[License-discuss] "Fairness" vs. mission objectives

Nicholas Matthew Neft Weinstock nweinsto at qti.qualcomm.com
Mon Feb 24 18:19:05 UTC 2020

I’m reading Eric’s proposal and John’s response as addressing slightly different things.

OSI publishes the Open Source Definition, and maintains a list of OSI-Approved Licenses.

I don’t think there is any dispute that OSI can use whatever criteria it wants to add licenses to the list of OSI-Approved Licenses.

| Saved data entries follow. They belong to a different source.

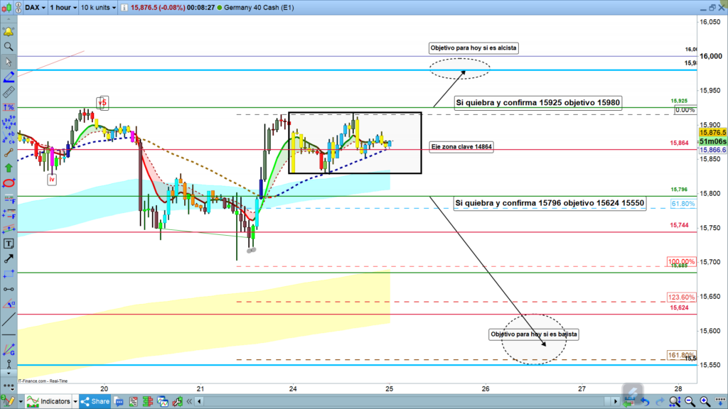 En gráfico de 1 hora del dax40, situación exactamente igual a la de ayer a esta hora, el día de ayer fue completamente neutro, el precio se movió en un rango muy pequeño con eje en la cota histórica 15864. El mínimo del día, fue exactamente la apertura semanal, en la zona 15829, y el máximo del día en los 15919, justo después de la apertura americana.
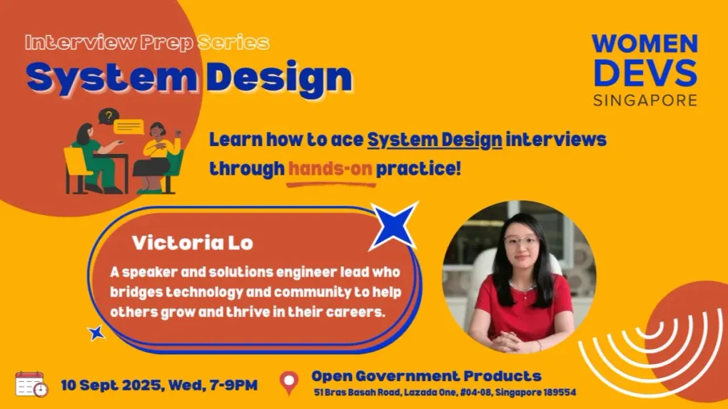 System design interviews don’t have to feel overwhelming. In this workshop, speaker, solutions engineer lead, and WomenDevsSG director Victoria Lo will walk you through a practical framework that helps you structure your answers, communicate tradeoffs, and focus on what interviewers actually want to see.
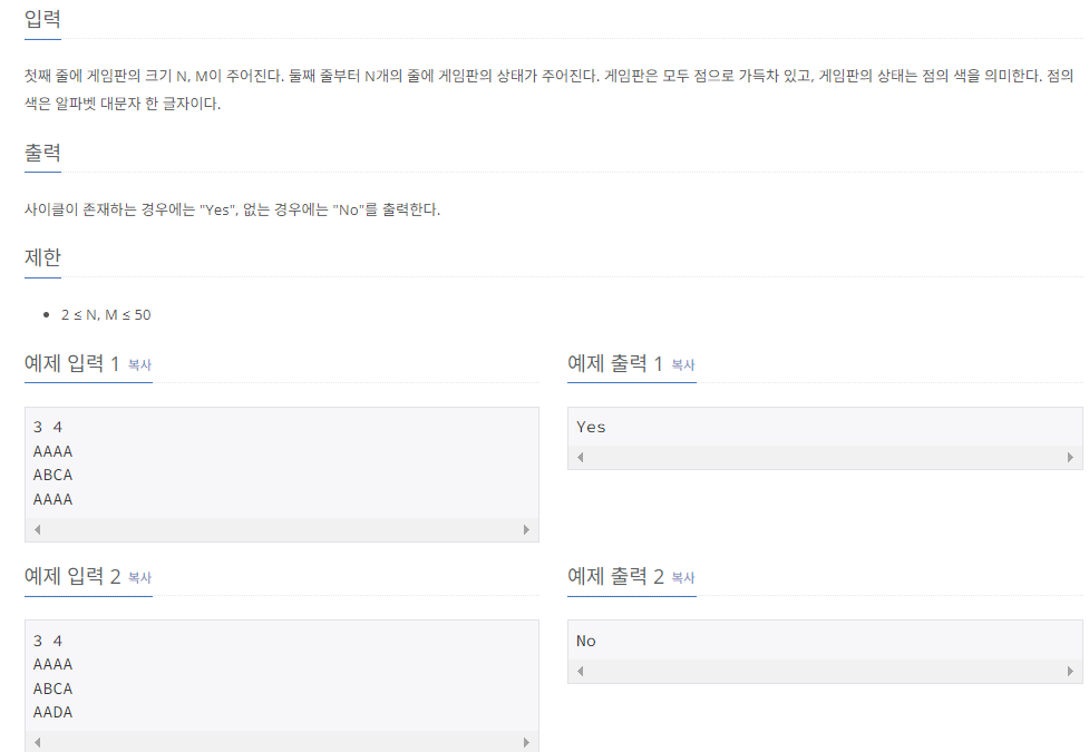 문제는 간단했다. 똑같은 문자를 기준으로 1개의 순환 구조만 있으면 Yes 아니면 No만 뜨게 하는 문제이다.
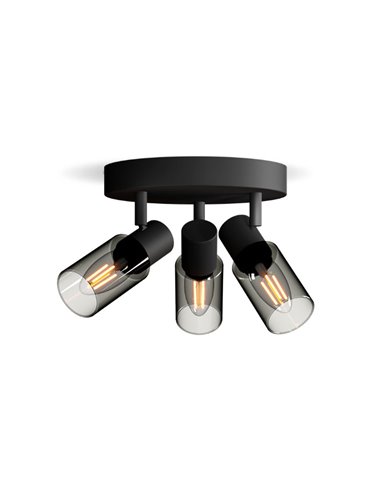 Barre de spots SLEET 2 avec verre rond noir fumé . Compatible avec 2 ampoules E14 (non incluses) et installation facile avec ClickFix . Ajoutez une touche moderne à n'importe quelle pièce.
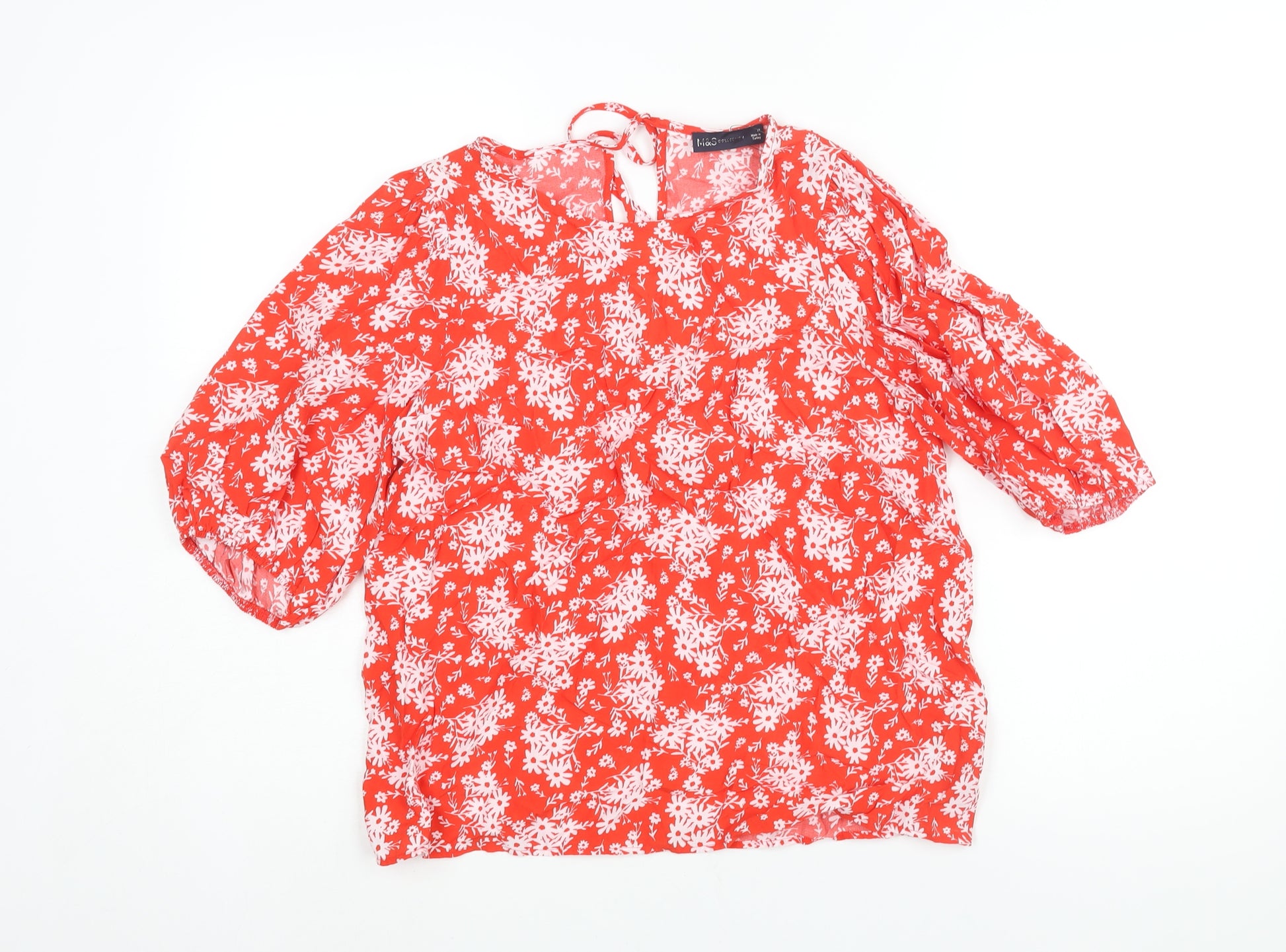 Womens Red Floral Viscose Basic Blouse Size 10 Round Neck
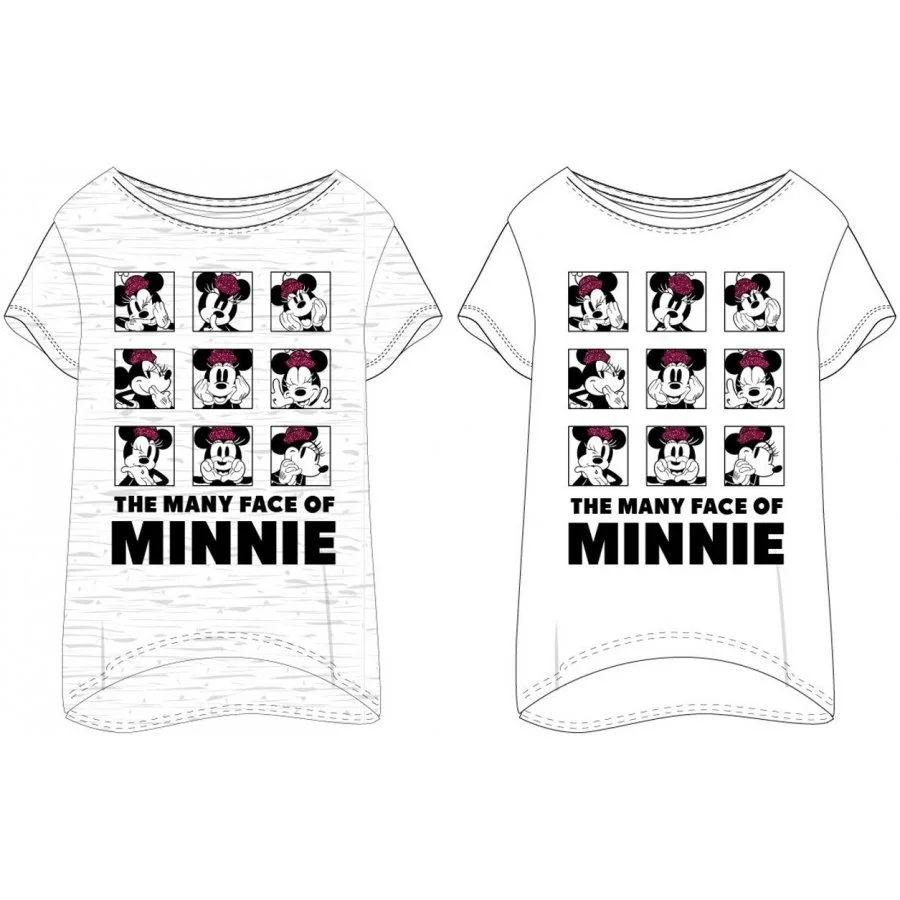 Dámské dlouhé spací tričko Disney - motiv The many face of Minnie. Zdobí jej opravdu mnoho tváří myšky Minnie, a to vždy s kloboučkem, který je třpytivý. Nabízíme bílou variantu, která je vyrobena ze 100% bavlny a šedě melírovanou variantu, která je vyrobena z 50% bavlny a 50% polyesteru.
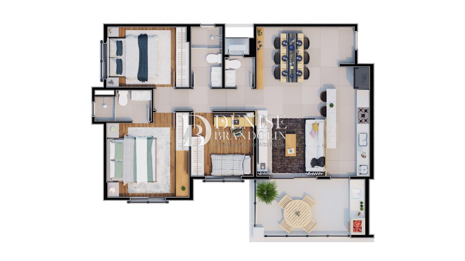 Apartamentos de 91 a 165 m², com 3 dormitórios, sendo 01 suíte com varanda gourmet com churrasqueira. 02 vagas de garagem com opção compra da 3° vaga e 2 elevadores por Torre.
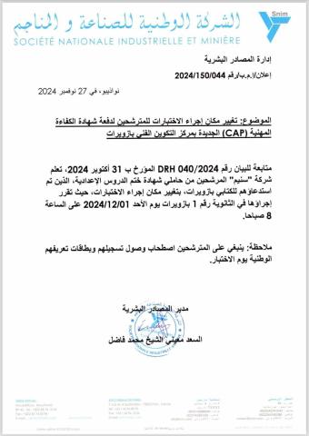 أعلنت مديرية المصادر البشرية بالشركة الوطنية للصناعة والمناجم (سنيم) أنه تم تغيير مكان إجراء الاختبارات لدفعة المرشحين لشهادة الكفاءة المهنية (CAP) الجديدة بمركز التكوين المهني في ازويرات.
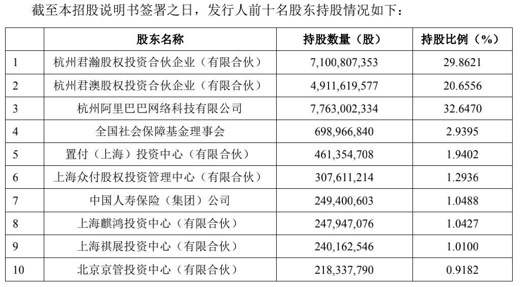 此外,阿里巴巴持股为96.52亿股,稀释为31.77%,而外部股东中,全国社保为最大机构投资者,持股2.3%。
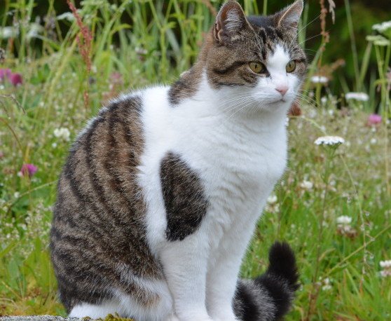 Hun er sterilisert og chipmerket, og har ikke halsbånd.
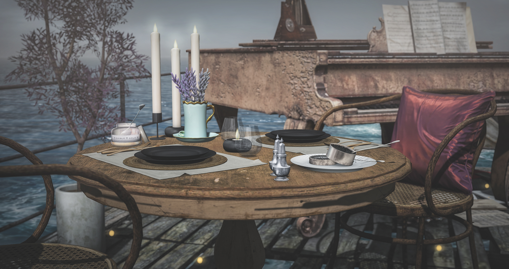 Sundays are chill days. Apparently so are Wednesdays these days but as I work on Wednesdays in both rl and sl I am going to stick with Sundays as my chill days. This weekend is a little different as I’ve had more time to myself than was planned or I wanted but that did mean I was able to take a few photos and decorate a little more around the house. I decided after decorating this area that I want to keep it. Part of it was already there on the dock we have at home but I added the dining area for this photo.
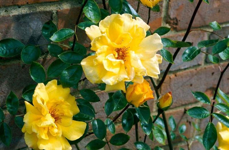 This most famous of English Roses, Graham Thomas (‘Ausmas’), is named for the great rosarian and recommended by its raiser as a climber rather than for growing as a shrub; its growth is more lax than that of other English Roses. The pure rich colouring of the cupped flowers, coupled with their powerful tea rose scent and their long season, is always captivating. 2-3m

It seems like Eric is saying that there should be a fair, consistent, transparent, neutral process for evaluating what licenses should be added to the list or removed from it.  I think that is completely reasonable.  Right now the OSD is published; it seems like the idea of a more formal review process, as well as clearly enumerating any other factors, makes sense.

However, part of John’s objection seems to be the possibility that OSI is declaring these licenses are not “Open Source” at all.

I agree, that seems a step too far.  The term “Open Source” was around and used to describe some licenses before OSI and the OSD existed.  Purely chronologically, it doesn’t seem right for OSI to try to assert that these licenses aren’t “Open Source” when they were “Open Source” first.  Trying to do so would suggest that the criteria in the OSD, or how they are being applied today, is inconsistent with the original understanding of “Open Source.”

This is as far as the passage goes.